Please refer to the weaknesses mentioned above.

审稿意见
3

This research explores the problem of memorization in video diffusion models (VDMs), extending the concerns previously identified in image diffusion models (IDMs). This memorization can result in the generation of copyrighted content, posing legal and ethical challenges. To tackle this, the paper extends Rahman et al., 2024 by improving definitions and metrics to quantify both content and motion memorization in VDMs, referred to as GSSCD and OFS-k respectively. The authors provide a memorization analysis across various VDMs and propose an innovative detection method that leverages these newly introduced metrics, GSSCD and OFS-k, to effectively identify memorization videos. These contributions are aimed at mitigating the risks associated with memorization in video generation, enhancing the trustworthiness and applicability of VDMs.

优点

  1. The investigation into memorization in video diffusion models (VDMs) addresses a critical and timely concern. As VDMs become increasingly sophisticated and widely used in generating realistic video content, the potential for these models to inadvertently memorize and replicate training data poses significant legal and ethical risks.

  2. The paper enhances the conceptual framework and analytical tools available for studying memorization in VDMs by introducing more nuanced and practical definitions of content and motion memorization.

  3. The paper proposes practical strategy for detecting memorization.

缺点

  1. The paper introduces a new metric for evaluating content memorization in video diffusion models in a frame-level manner but does not sufficiently justify the need for these over existing methods developed for image diffusion models. It remains unclear whether the current metrics for IDMs are insufficient for assessing memorization in videos.

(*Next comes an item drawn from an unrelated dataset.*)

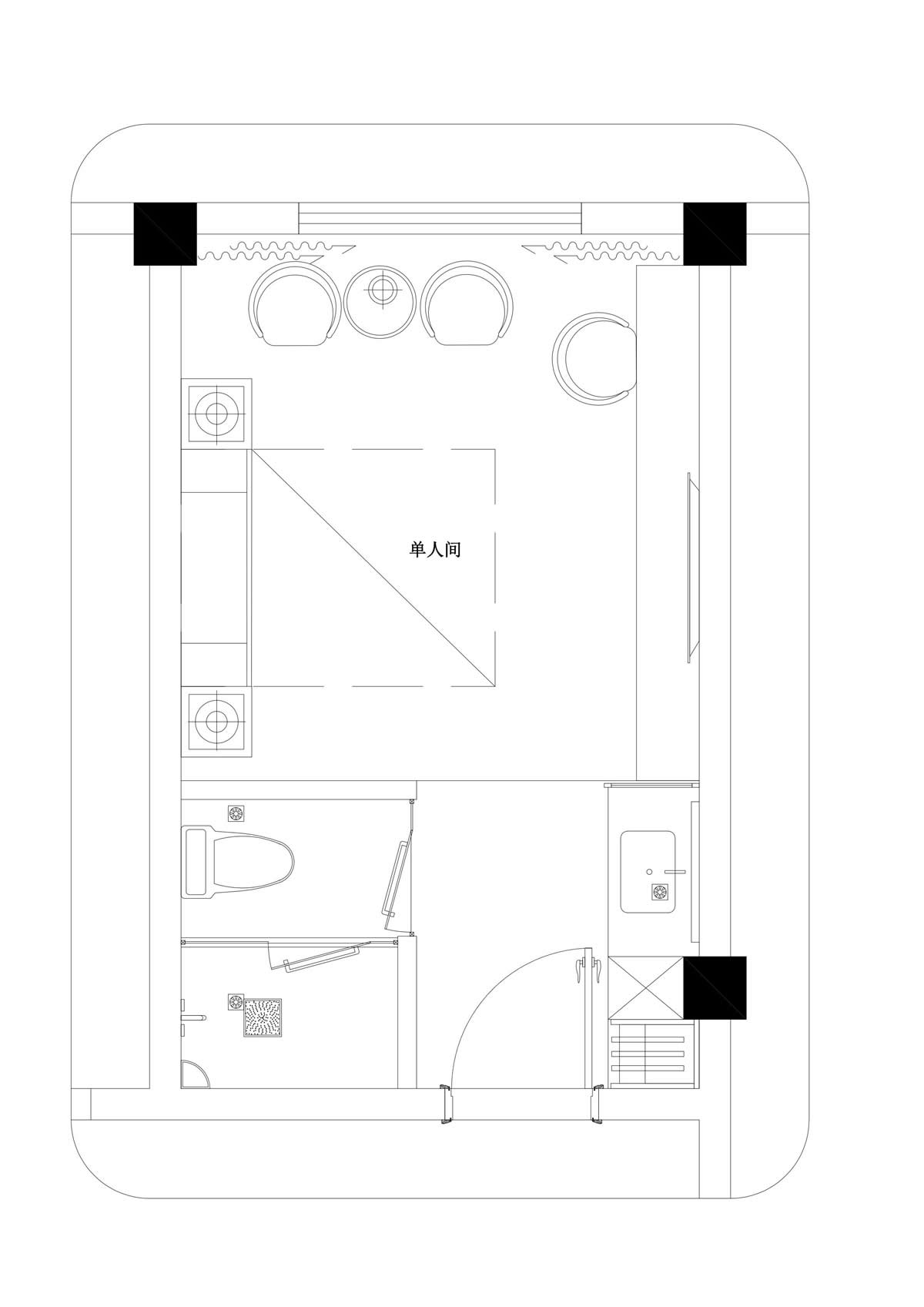 單人間客房平面圖

  2. Limited Validation: The new metrics' validation primarily relies on 1K manual annotations on a single dataset (WebVid-10M), which might not reflect the diversity of real-world scenarios. More extensive validation across diverse datasets and more automated, objective evaluation methods could strengthen the findings.

  3. The paper repeatedly mentions the existence of a method in the field that addresses motion memorization in video diffusion models (Rahman et al., 2024), yet it fails to provide a qualitative comparison with this method. The absence of a direct, detailed comparative analysis weakens the argument for the proposed method's novelty and effectiveness.

  4. Additional minor weaknesses:

a. Figure 3 appears to be redundant, as Table 2 already sufficiently demonstrates that ModelScope’s generations replicate the image training data.

b. In Table 2, it would improve clarity if text-conditional generations (T2V) and unconditional generations (UV) were distinguished in separate column.

问题

Please refer to the previously noted weaknesses, and additionally, consider the following questions:

  1. Could the authors discuss any limitations of their work? Including such details would provide a more balanced view and help readers understand the potential constraints or challenges in applying the proposed methods in different contexts.

  2. How does the method perform under varied conditions, such as different video qualities or motion complexities? Is there a risk of the detection methods being too sensitive or not sensitive enough?

  3. Given that the authors have demonstrated the separate detection of content and motion memorization, could combining these methods into an ensemble approach enhance the overall detection performance

  4. Will you provide access to the implementation (code) or datasets used in the experiments? Providing these resources could greatly enhance the credibility and applicability of the research.

撤稿通知

I have read and agree with the venue's withdrawal policy on behalf of myself and my co-authors.